Saved entries:

*** Block opens ***

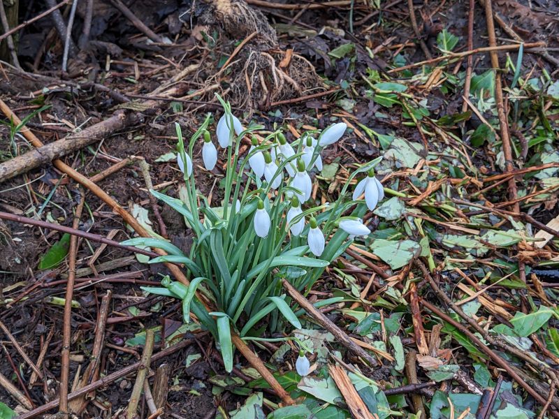 Anfang Februar kommen nun die ersten Schneeglöckchen hervor. Die Zaubernuss blüht und auch der Winterschneeball beginnt mit seiner Blüte. Nun schafft Kunigunde es, die Brombeerhecke für das neue Erntejahr vorzubereiten. Alle getragenen Ruten müssen abgeschnitten und die neuen wieder angebungen werden. Dabei müssen die neuen Ruten in diesem Jahr massiv gekürzt werden, sie sind einfach zu lang geworden.
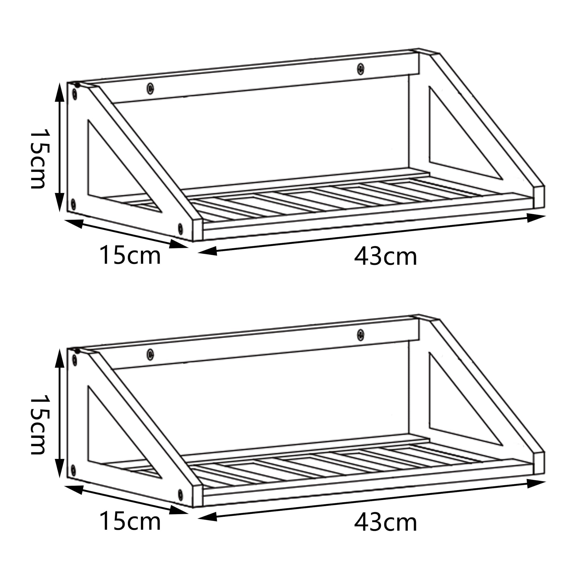 Il se compose de deux étagères murales offrant suffisamment d'espace pour ranger vos objets de manière ordonnée. Que ce soit dans la cuisine, le salon ou la salle de bain, cet ensemble d'étagères offre de nombreuses possibilités d'utilisation.
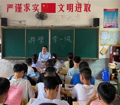 开学第1课,廖泽环到学校宣讲禁毒、反电诈等。
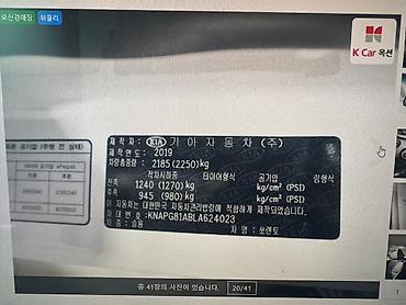- Год изготовления: 2019 (табличка производителя Kia на стойке)
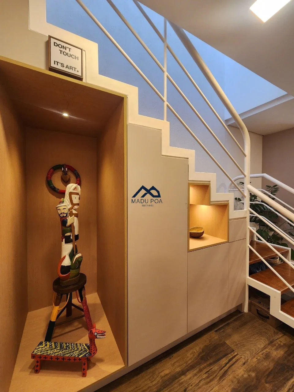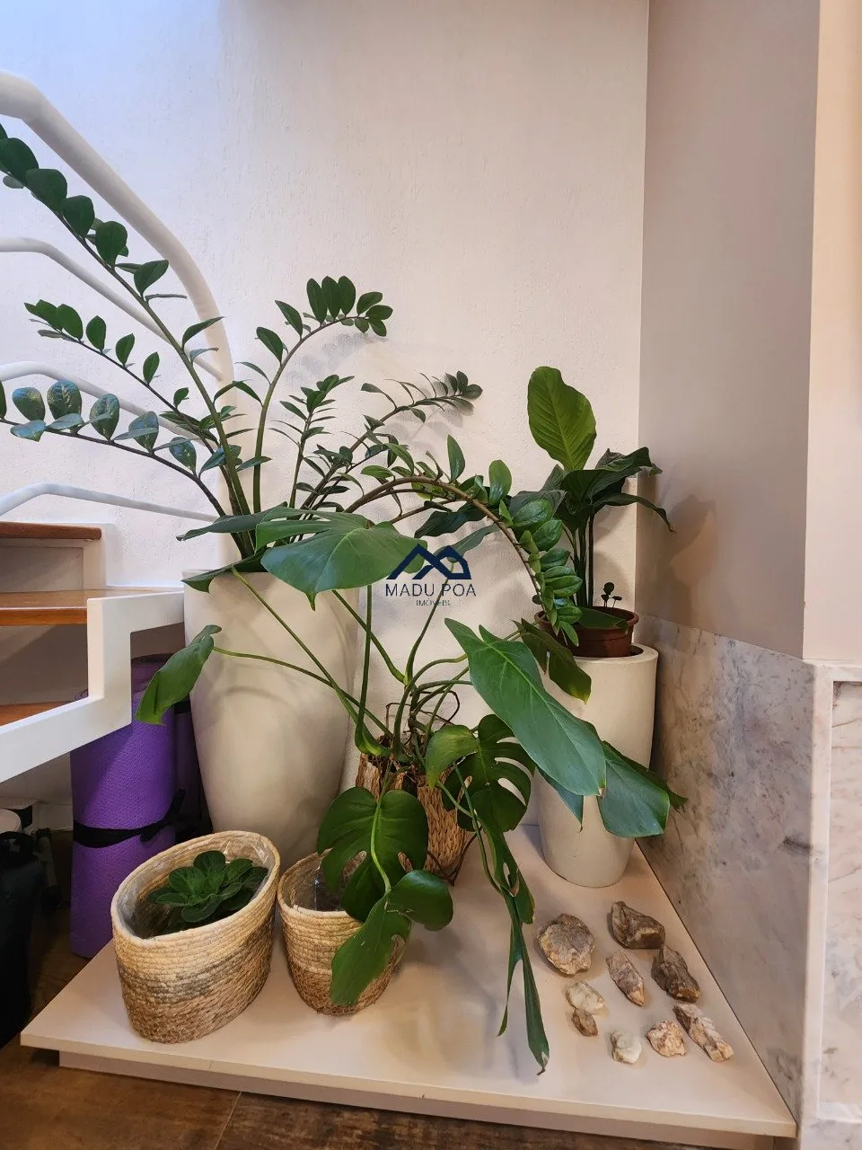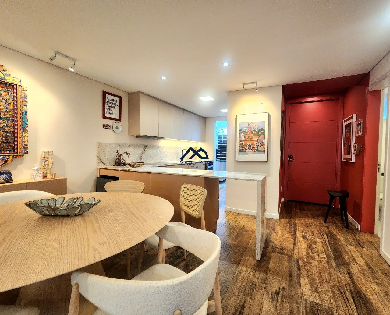 1° Pavimento: Living para dois ambientes integrados a cozinha americana, lavabo, área de serviço independente e pátio privativo com churrasqueira.
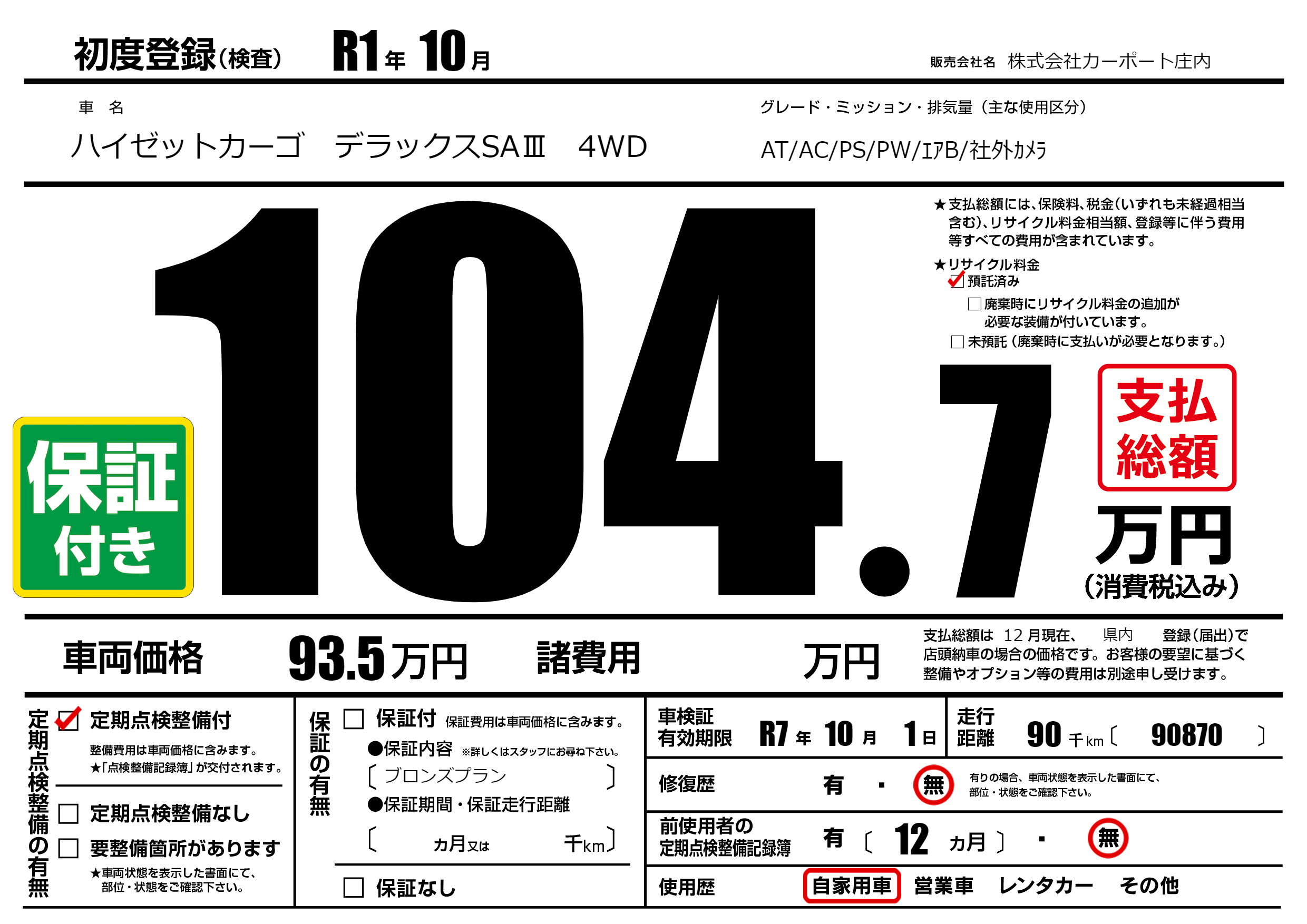 | 車名 | ハイゼットカーゴ デラックスSAⅢ 4WD | グレード ミッション 排気量 |
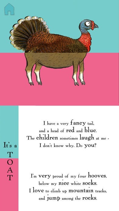 Swipe the two halves of each character to create new animals and hear each poem read aloud.
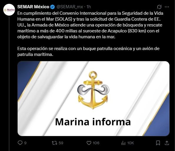 La Secretaría de Marina (Semar) activó el martes un operativo de búsqueda y rescate en el Pacífico, tras recibir una solicitud de auxilio de la Guardia Costera de Estados Unidos.
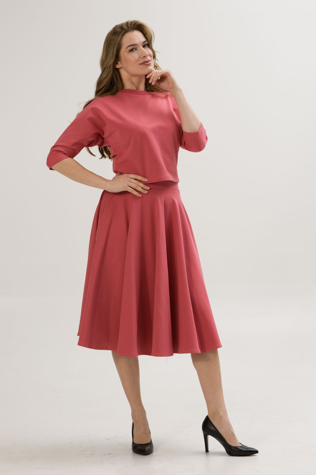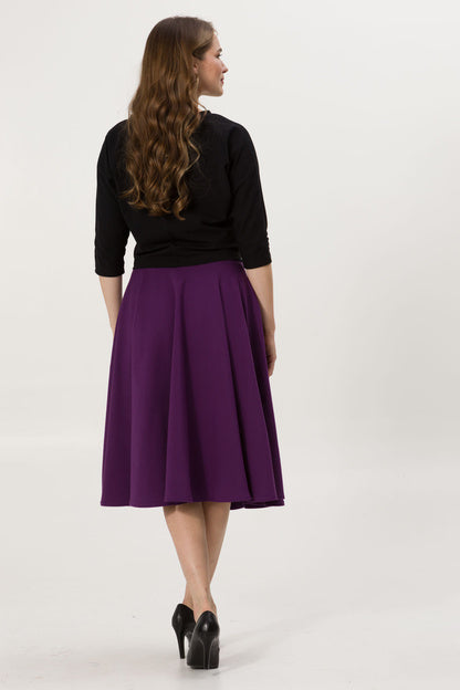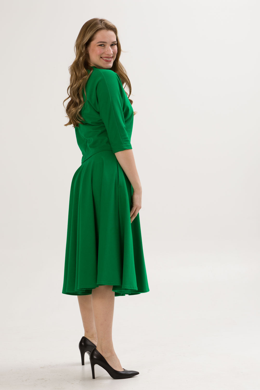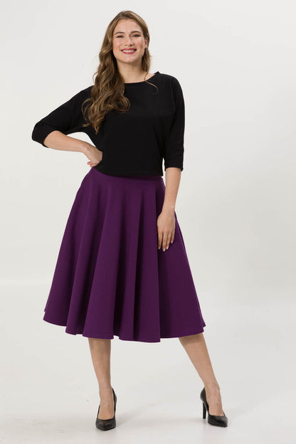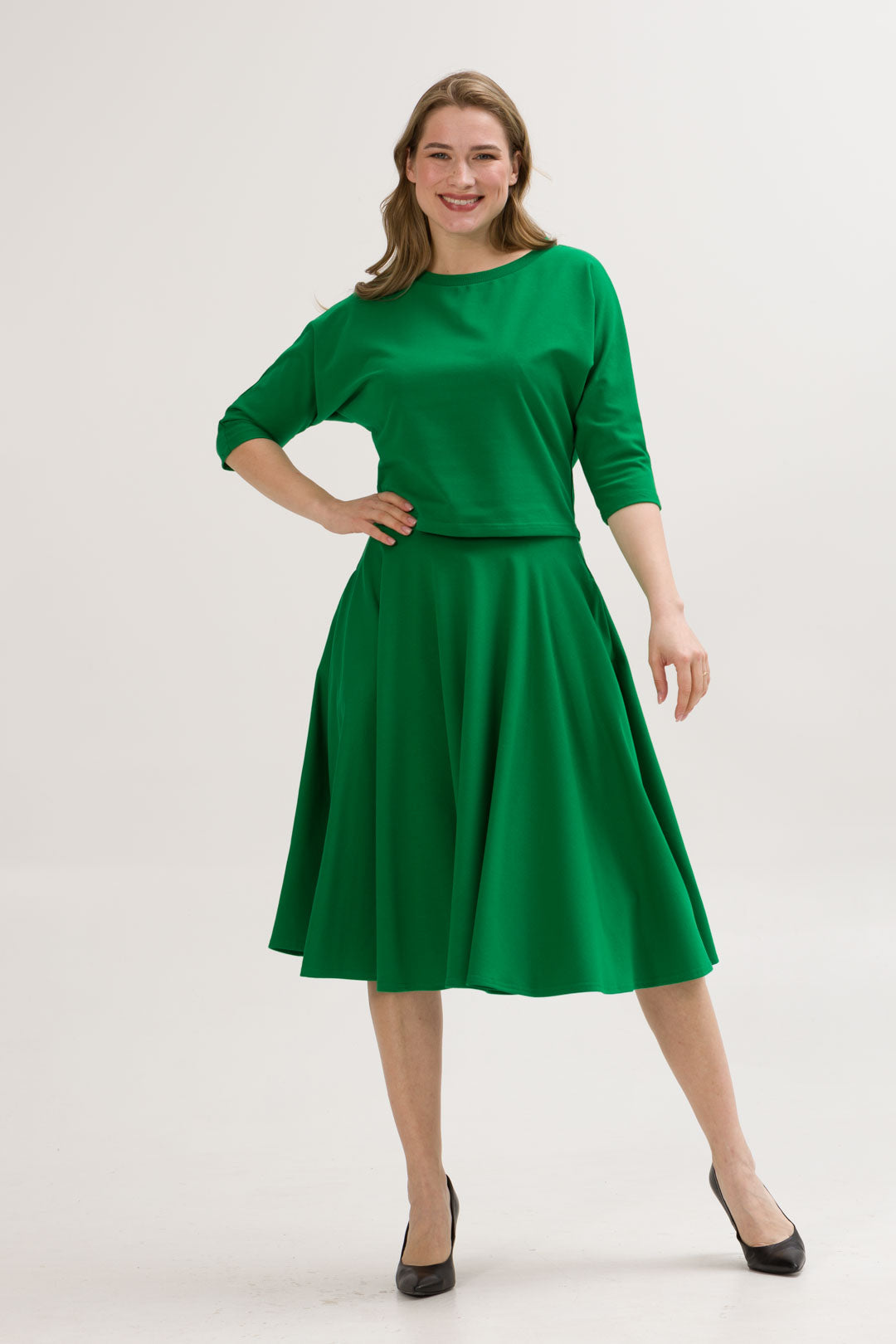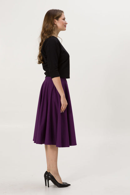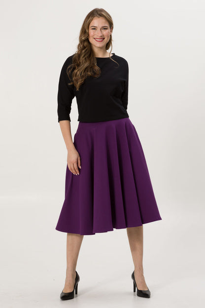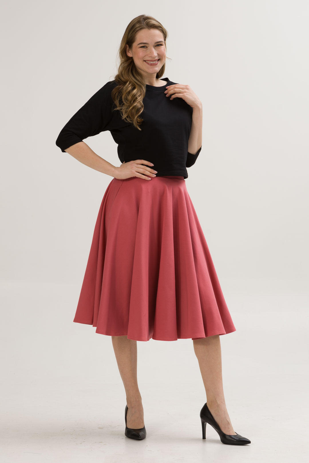 - To klasyczna spódnica z pełnego koła, sięgająca za kolano – nieodzowny element garderoby każdej kobiety ceniącej styl i funkcjonalność. Dzięki temu modelowi zawsze znajdziesz idealną stylizację na każdą okazję.
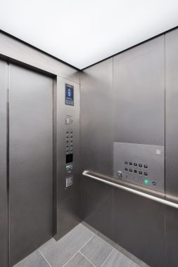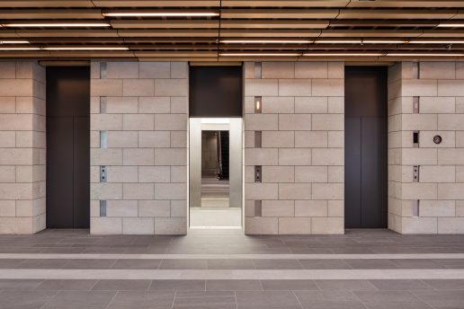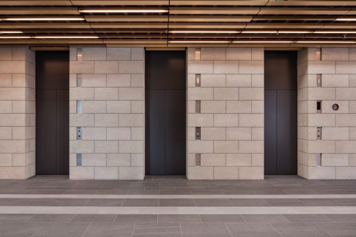 乗り場では呼び出しボタン部をわずかに壁面よりへこませた陰影のあるデザインで、繊細な美しさを表現しています。内装はステンレスを基調とし、床面には石材を採用。周辺の壁面に多く使用されている石材の質感と調和させ、上質な統一感を演出しています。
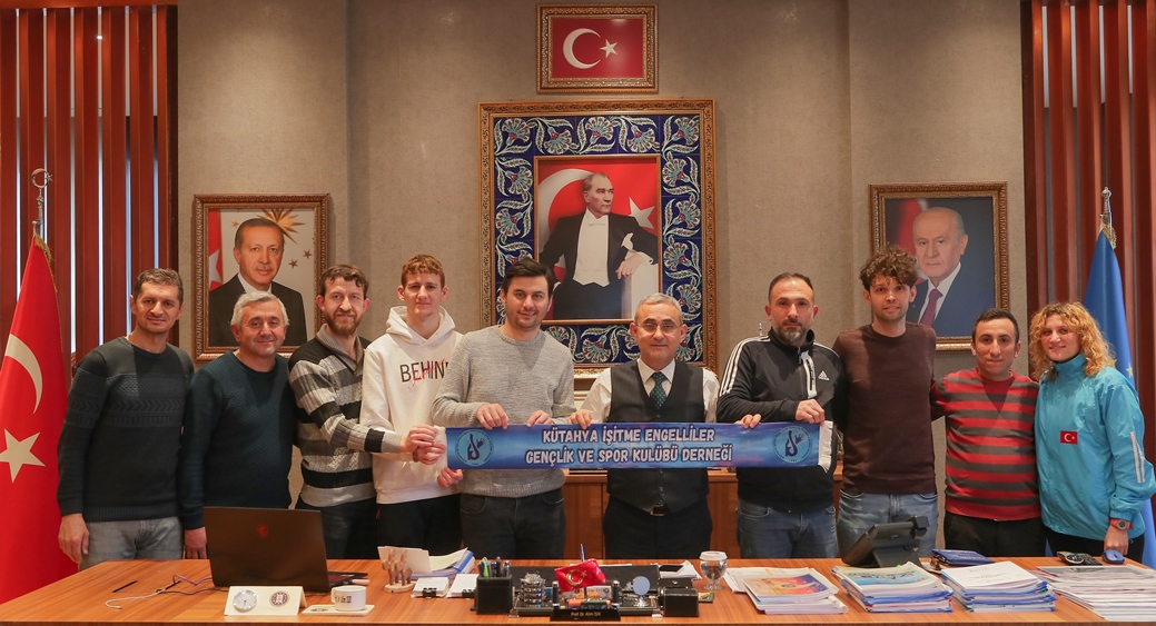 Kütahya İşitme Engelliler Gençlik ve Spor Kulübü Derneği, Belediye Başkanı Prof. Dr. Alim Işık’ı makamında ziyaret etti. Kütahya İşitme Engelliler Gençlik ve Spor Kulübü yönetici ve sporcuları Manisa ilinde gerçekleştiren Türkiye İşitme Engelliler 1. Futbol ligi müsabakaları ve Mersin ilinde yapılan atletizm şampiyonası sonrası, Kütahya Belediye Başkanı Prof. Dr. Alim Işık’a nezaket ziyaretinde bulundular. Kulüp yöneticileri, ziyarette Başkan Işık’a, kulübe gösterdiği ilgi ve desteklerden dolayı teşekkür etti.
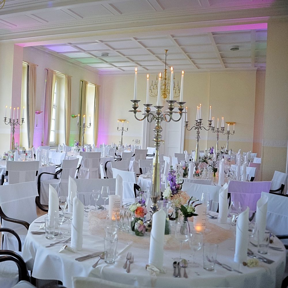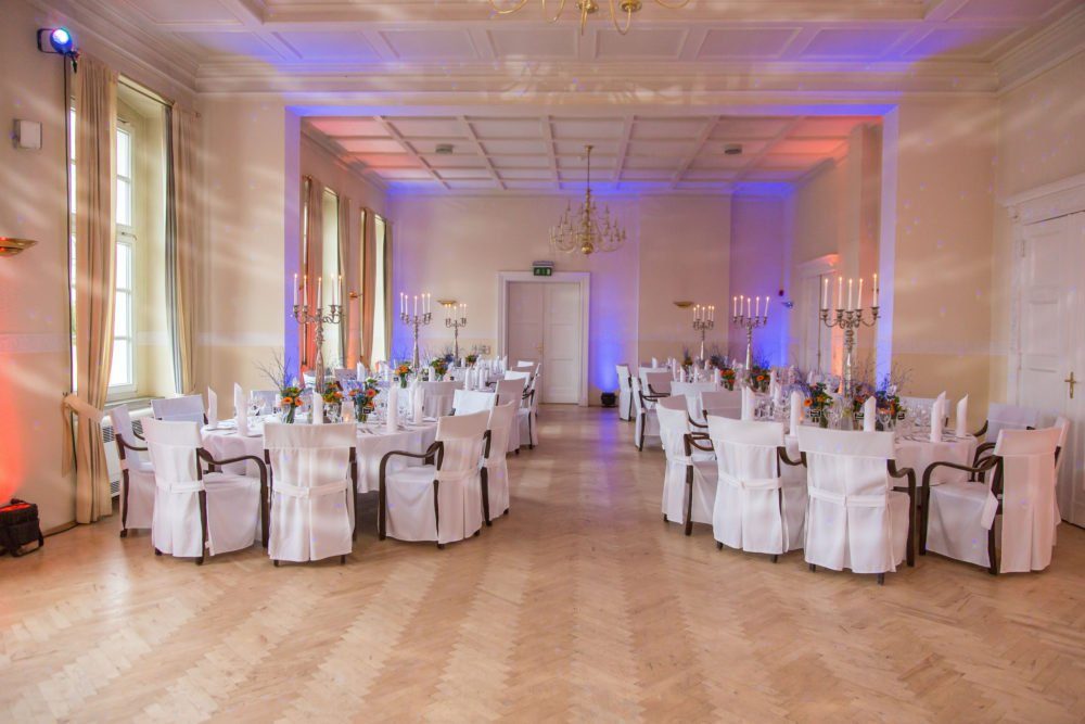 Nach dem Empfang im Garten wechselt Ihr mit Eurer Festgesellschaft in das elegante Ambiente des Bankettsaals und feiert bis in die frühen Morgenstunden.
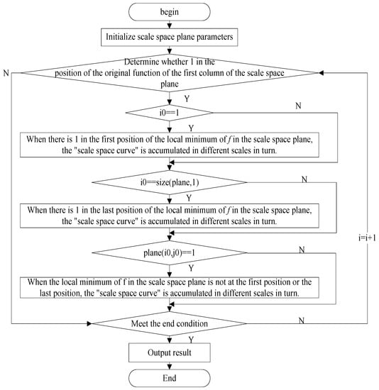 Step 4. When the last position in the scale space plane exists the local minimum value of the original function, the scale space curves are sequentially accumulated under different scales in order to obtain the minimum length curves . Otherwise execute Step 5.
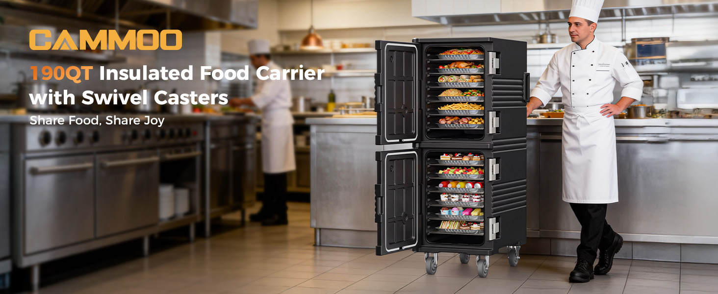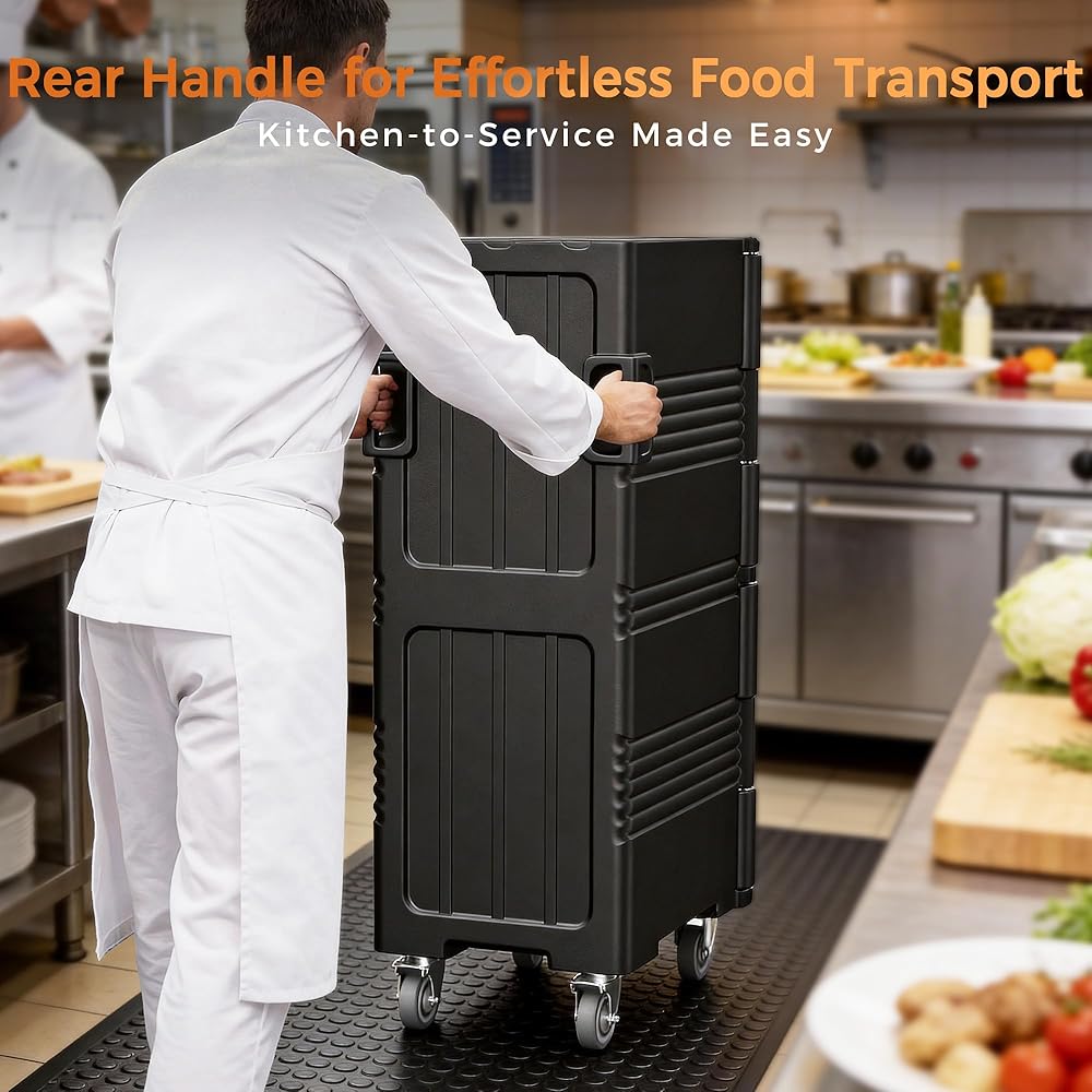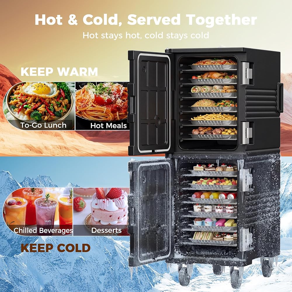 PROFESSIONAL CAPACITY – 190QT holds 12 full-size (1/1) food pans across two zones. Industry standard: 1 full pan serves 12-15 entrees—supports 150-200 person events. Ideal for restaurant delivery, catering, institutional food service. Front-loading 270° door access. No cords.

*** Block closes ***

The lines from the top of the data above through the one holding "Swipe the two" are to be repeated exactly, and only those, with no pictures.

 Anfang Februar kommen nun die ersten Schneeglöckchen hervor. Die Zaubernuss blüht und auch der Winterschneeball beginnt mit seiner Blüte. Nun schafft Kunigunde es, die Brombeerhecke für das neue Erntejahr vorzubereiten. Alle getragenen Ruten müssen abgeschnitten und die neuen wieder angebungen werden. Dabei müssen die neuen Ruten in diesem Jahr massiv gekürzt werden, sie sind einfach zu lang geworden.
 Il se compose de deux étagères murales offrant suffisamment d'espace pour ranger vos objets de manière ordonnée. Que ce soit dans la cuisine, le salon ou la salle de bain, cet ensemble d'étagères offre de nombreuses possibilités d'utilisation.
 开学第1课,廖泽环到学校宣讲禁毒、反电诈等。
- Год изготовления: 2019 (табличка производителя Kia на стойке)
 1° Pavimento: Living para dois ambientes integrados a cozinha americana, lavabo, área de serviço independente e pátio privativo com churrasqueira.
 | 車名 | ハイゼットカーゴ デラックスSAⅢ 4WD | グレード ミッション 排気量 |
 Swipe the two halves of each character to create new animals and hear each poem read aloud.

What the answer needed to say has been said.